MortgageReverse

Developer Targets HECM For Purchase, Data Lacks Promise

A development planned for the southwest Chicago town of Oak Forest has big ideas for senior housing. Priory Estates, a plan of Weso Development, aims to build 110 duplex residences on 55 duplex lots, joining the ranks of Illinois’ age restricted housing communities. The community will be approved for people who are ages 55 and up.

There’s a direct correlation between the timing of the development and the aging baby boom demographic, and the HECM for Purchase will be one way for seniors to buy into these new homes, whether they are downsizing or upsizing.

“We’re looking at these units as being a tremendous alternative to condo living,” says Jerry Pinero, a developer on the project. “Especially for seniors, it’s implied that if you’re going to live in a condo, you’ll have stairs or elevators.

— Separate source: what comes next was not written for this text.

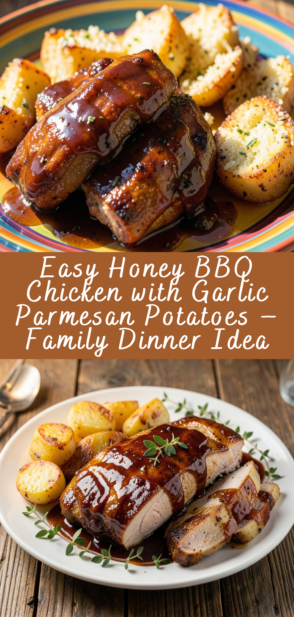 This Easy Honey BBQ Chicken with Garlic Parmesan Potatoes – Family Dinner Idea is the perfect balance of sweet, savory, and comforting. Juicy chicken is coated in a sticky honey barbecue glaze, while crispy roasted potatoes are tossed in garlic and Parmesan for a flavorful, golden finish. Preheat oven to 400°F (200°C). Line a large baking sheet with parchment paper or lightly grease a sheet pan. In a large bowl, toss halved potatoes with olive oil, garlic, Italian seasoning, salt, and pepper. Pat chicken dry. Season both sides with salt, pepper, paprika, and garlic powder. In a small bowl, mix BBQ sauce and honey until combined. Place chicken on the other side of the baking sheet. Bake for 35–40 minutes, flipping potatoes halfway through cooking. Remove from oven and immediately sprinkle Parmesan cheese over hot potatoes. Toss gently so it melts slightly. Garnish with parsley if desired. Let chicken rest for 5 minutes before slicing. Serve alongside crispy garlic Parmesan potatoes.Easy Honey BBQ Chicken with Garlic Parmesan Potatoes – Family Dinner Idea

With these, you pull up, you pull in or out. It’s suitable for people who are 65 or 75 and they can stay there for the rest of their lives.”

Pinero cites the Pew Research figure that 10,000 people each day in the U.S. are turning 65. Recent trend findings on the demographic also bode well.

According to Evanston, Ill.-based Mather LifeWays Institute on Aging, of the top 10 senior living trends, two were “choice and value” and the number one tend was aging in place. “Residents will seek services and programs that will support ‘aging well’ in place,” said the study, which was based on a survey of 600 senior living organizations representing more than 1,000 communities across 15 states.

Senior housing communities have always offered an option, but the aging in place trend may also lead some to seek new homes where they can stay for years to come. With many families having lost retirement income, some may turn to reverse mortgages to finance these moves.

The HECM for Purchase allows borrowers to take their home equity from one home and use it toward another in one fell swoop.

Data from Reverse Market Insight (above) shows the volume of HECM for Purchase loans actually declined in 2010 for the majority of the top 15 states for HECM for Purchase loans, after gaining some popularity following its launch in January 2009.

(See RMD’s report on the first year of the program, which posted growth from just 18 units in its launch month, to more than 130 in December 2009.)

Still, many say, the product is widely unknown, compared with its HECM Standard and growing HECM Saver counterparts. That may not be great news for Priory Estates, but the development hopes the growing age bracket will help the product gain popularity—along with all reverse mortgages.

“It’s a parallel between the 55+ community and reverse mortgages,” says Pinero of the timing of the project. “The awareness of this type of product is out there, there’s no doubt about it. It’s been so scarcely utilized; only just in the last five to seven years have they gained in popularity.”

If all goes according to Weso’s plan, the project should break ground by the end of 2011, just as the first baby boomers are turning 66.

“I have never seen a necessity for a particular product to the extent that I see the necessity for this now,” he says.